Texas has instituted the most restrictive investment policies in the country, and dealers are eating dust.

By James Lacey

Four months ago the State of Texas adopted the most draconian of laws for derivatives use by public funds. The law prohibits public agencies from investing in IOs, POs and inverse floaters under any circumstances. The law also requires that municipal finance investors receive formal training on risk management techniques and that municipalities establish investment guidelines.

The most unusual requirement, however, is one requiring dealers to study the investment policies of each municipality they deal with and sign agreements asserting that their proposed instruments or strategies are appropriate. "This puts the burden of judging the suitability of investments and investment instruments on brokers," says Jerry Quinn, a spokesman for the Securities Industries Association. "And that makes Texas unique. No one has gone to the extremes that Texas did and it is causing some problems for Texas municipalities and some dealers."

Most dealers are loathe to frame and sign separate agreements with every single municipality they do business with. Most quality dealers, that is. Sleazy ones, critics of the bill have warned, will sign anything for a dollar. "Only the least reputable brokers, who don't care what they have to sign, will be out there doing business," predicts Susan Anderson, treasurer for the city of Austin. "I have heard a lot of stories that there are some dealers who have pulled out," adds Susan Horton, an officer of the Texas Municipal League. "They just don't want to review the individual investment policies of a thousand different communities."

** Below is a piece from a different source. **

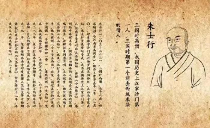 朱士行是中国佛教史上第一个西行求法的中土汉族僧人,也被认为是中国第一个依律受戒成为比丘的汉人。他少年出家,曹魏时期河南颍川人。嘉平二年(250年),印度僧人昙柯伽罗来洛阳译经传教,设戒坛按戒律授戒度僧,朱士行首先登坛依法受戒而成为受戒比丘,这和汉人以前仅仅以离俗为僧有很大差别,所以朱士行是真正意义上的沙门比丘第一人。

Dealers, of course, are happy to oblige larger investors, like Texas's $14 billion "Texpool" fund or the city of Austin's $1.5 billion combined investment portfolio. But since the legislation passed, many have avoided courting the smaller municipalities. As a result, many municipalities have given up on developing individual investment initiatives, and have either begun accepting bank CD rates or putting their money in the state investment pool.

Little guys

To take some of the sting out of the legislation, Texas state officials have sat down with a half dozen of the most active dealers and tried to agree to what Austin's Anderson calls "boilerplate language for suitability certification that will be acceptable to the industry and widely used by municipalities." State Treasurer John Bell says he has talked to Rep. Kenneth Marchant, the sponsor of the bill, who is amenable to making some changes. "If language can be agreed upon that makes it possible for the firms to do business and still retain some responsibility for their actions, then we will take it to the State Attorney General for an opinion," says Bell.

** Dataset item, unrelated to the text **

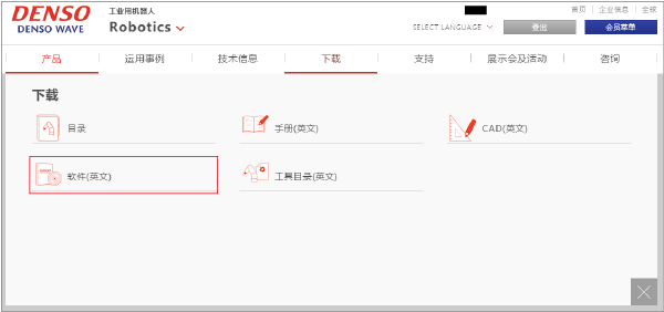 从下述URL访问DENSO WAVE机器人网站,点击画面右上方的“登录”。

But part of any deal, he cautions, would be "a commitment from all of these firms that they will use the agreed language to deal with the little guy down the street and not just the big investment pools. If they won't do that, we're not interested." Bell likes the idea of product restrictions. "Most municipal governments should have no derivatives in their portfolios," he argues. Anderson seconds this: "Local governments, for the most part, had absolutely no idea what they were buying and only did it when told by dealers that everyone else was doing it and they were losing out."

Although this could be a stopgap measure until the next legislature, the core suitability features of the legislation have strong support and are likely to remain intact. Recently, 17 treasury and cash management officials from various Texas municipalities wrote to Rep. Jack Fields, urging him to drop suitability requirements in federal legislation he's sponsoring to overhaul the securities industry (HR 2131.) They believe the language in Fields' bill gives dealers too much protection and may supersede the better protections that have been enacted in Texas.